The target of the present study was to develop computational procedures that meet the following requirements:

• they should have mean absolute errors on the order of 0.25 kcal/mol or less, and problem molecules (if any) should be readily identifiable;
• the method should be applicable to at least first-and second-row molecules;
• it should be robust enough to be applicable in a fairly `black-box' fashion by a nonspecialist;
• it should rely as little as possible (preferably not at all) on empirical parameters, empirical additivity corrections, or other `fudges' derived from experimental data;
• relatedly, it should explicitly include all the physical effects that are liable to affect molecular binding energies of first-and second-row compounds, rather than rely upon absorbing them in empirical parametrization;
• last but not least, it should be sufficiently cost-effective that a molecule the size of, e.g., benzene should be treatable on a workstation computer.

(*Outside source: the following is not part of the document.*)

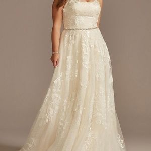 New Melissa Sweet Plus size wedding gown. This dress has been kept in the bridal bag since bringing home from the store. Have had bustle added to the train (A bustle refers to the process of transitioning a wedding gown to function as if it has no train by adding hidden buttons or hidden ribbon)
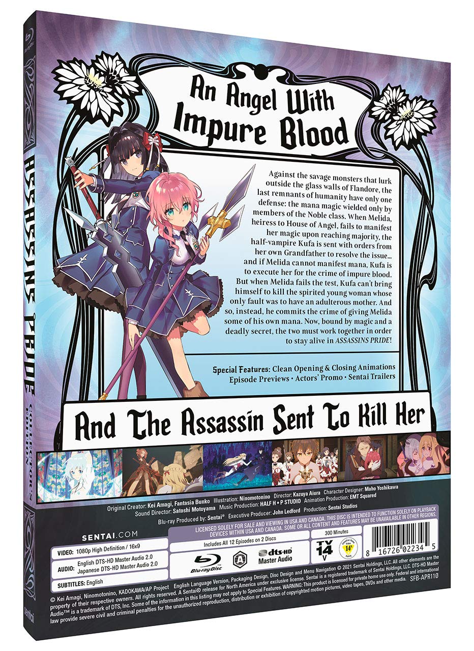 Against the savage monsters that lurk outside the glass walls of Flandore, the last remnants of humanity have only one defense: the mana magic wielded only by members of the Noble class. When Melida, heiress to House of Angel, fails to manifest her magic upon reaching majority, the half-vampire Kufa is sent with orders from her own Grandfather to resolve the issue... and if Melida cannot manifest mana, Kufa is to execute her for the crime of impure blood. But when Melida fails the test, Kufa can't bring himself to kill the spirited young woman whose only fault was to have an adulterous mother. And so, instead, he commits the crime of giving Melida some of his own mana. Now, bound by magic and a deadly secret, the two must work together in order to stay alive in Assassins Pride!

In the course of this work, we will present two schemes which we shall denote W1 and W2 (for Weizmann-1 and Weizmann-2) theories. W2 theory yields about 0.2 kcal/mol (or better) accuracy for first-and second-row molecules with up to four heavy atoms, and involves no empirical parameters. W1 theory is applicable to larger systems (we shall present benzene and trans-butadiene as examples), yet still yields a mean absolute error of about 0.30 kcal/mol and includes only a single, molecule-independent, empirical parameter which moreover is derived from calculated rather than experimental results.